Marotzke’s talk is titled “Recent Global Temperature Trends: What do they tell us about anthropogenic climate change?” He will discuss the implications of the recently-observed slowdown in global warming, often referred to as a warming “hiatus.”

Observations suggest a hiatus in global surface-temperature rise since 1998, whereas most climate model simulations suggest continued warming. The gap between observations and simulations raises a number of questions: What causes this difference? Do climate models respond too sensitively to the increase in greenhouse-gas concentrations such as that of carbon dioxide, and thus overestimate climate change systematically? Or has the discrepancy arisen by chance? And what is the relevance of this discrepancy for the assessment of long-term anthropogenic climate change? 

Marotzke’s lecture will first illustrate the physically fundamental manifestation of anthropogenic climate change — increasing ocean heat content in relation to rising greenhouse-gas concentrations. This increase in heat content has gone on unabated for at least the past 40 years.

He will then show that differences between different model simulations — and hence, also differences between simulations and observations — are dominated by chance events when temperature changes over periods as short as 15 years are considered.

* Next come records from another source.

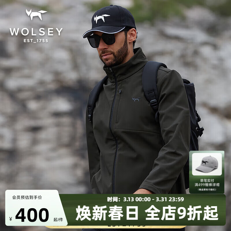 旗舰店WOLSEY尼维斯户外软壳衣男士防风加绒立领外套可做冲锋衣内胆使用 松香绿 3XL 190
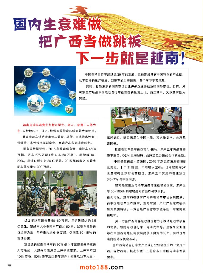 2017.8月《摩托車/電動車與配件》雜志,歡迎大家閱讀日期:2017-07-31 點擊:2382 查看原圖 全部展開![]() ![]() ![]() 內(nèi)70 國內(nèi)生意難做,把廣西當(dāng)做跳板,下一步就是越南!
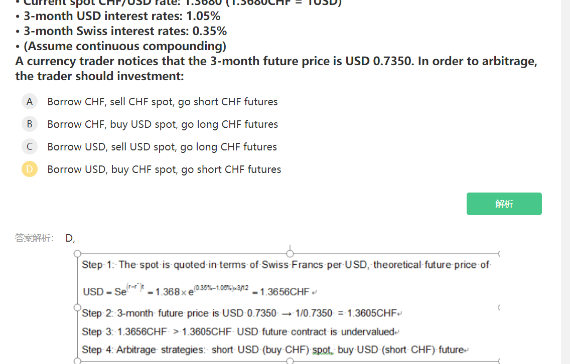 同学,我们通过前面几步对外汇期货价格的计算,得到USD的期货市场价格为1/0.7350=1.3605,与我们计算出来的理论期货价格1.3656存在差异,也就出现套利机会,因为1.3605小于0.3656,USD的期货市场价格被低估,应该买入USD期货,卖出USD现货,卖出CHF期货,买入CHF现货
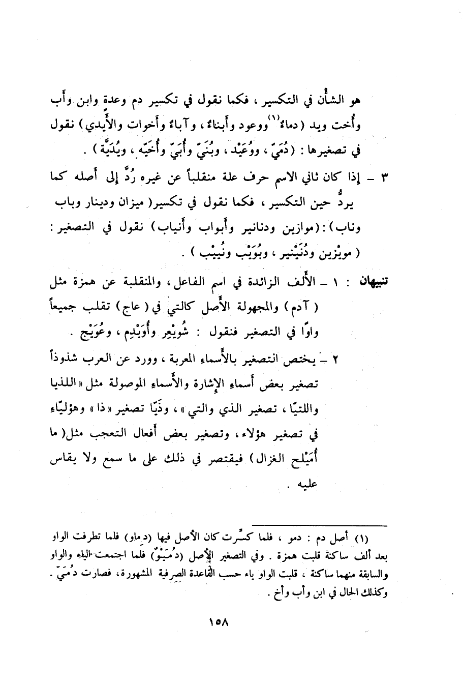 1- أصل دم: دمو، فلما كسِّرت كان الأصل فيها "دِماو" فلما تطرفت الواو بعد ألف ساكنة قلبت همزة. وفي التصغير الأصل "دُمَيْوٌ" فلما اجتمعت الياء والواو والسابقة منهما ساكنة، قلبت الواو ياء حسب القاعدة الصرفية المشهورة، فصارت دُمَيّ. وكذلك الحال في ابن وأب وأخ.

By contrast, it matters little whether models respond more or less sensitively to increasing greenhouse-gas concentrations, if changes over only 15 years are considered.

The difference between simulated and observed global surface-temperature changes during the hiatus period thus tells us very little about model capability or lack thereof; and as an indicator of anthropogenic climate change the surface-warming hiatus is largely irrelevant, Marotzke will conclude.

The Henry W. Kendall Memorial Lecture Series introduces the MIT community to leading researchers in the field of global-change science. The Kendall Lecture is free and open to the public, and a reception will follow in the Green Building Lounge (Room 54-923). Those wanting more information may contact Jen Fentress with questions at 617-252-2127 or jfen@mit.edu.

The Kendall Memorial Lecture is sponsored by the MIT Department of Earth, Atmospheric and Planetary Sciences and the Center for Global Change Science.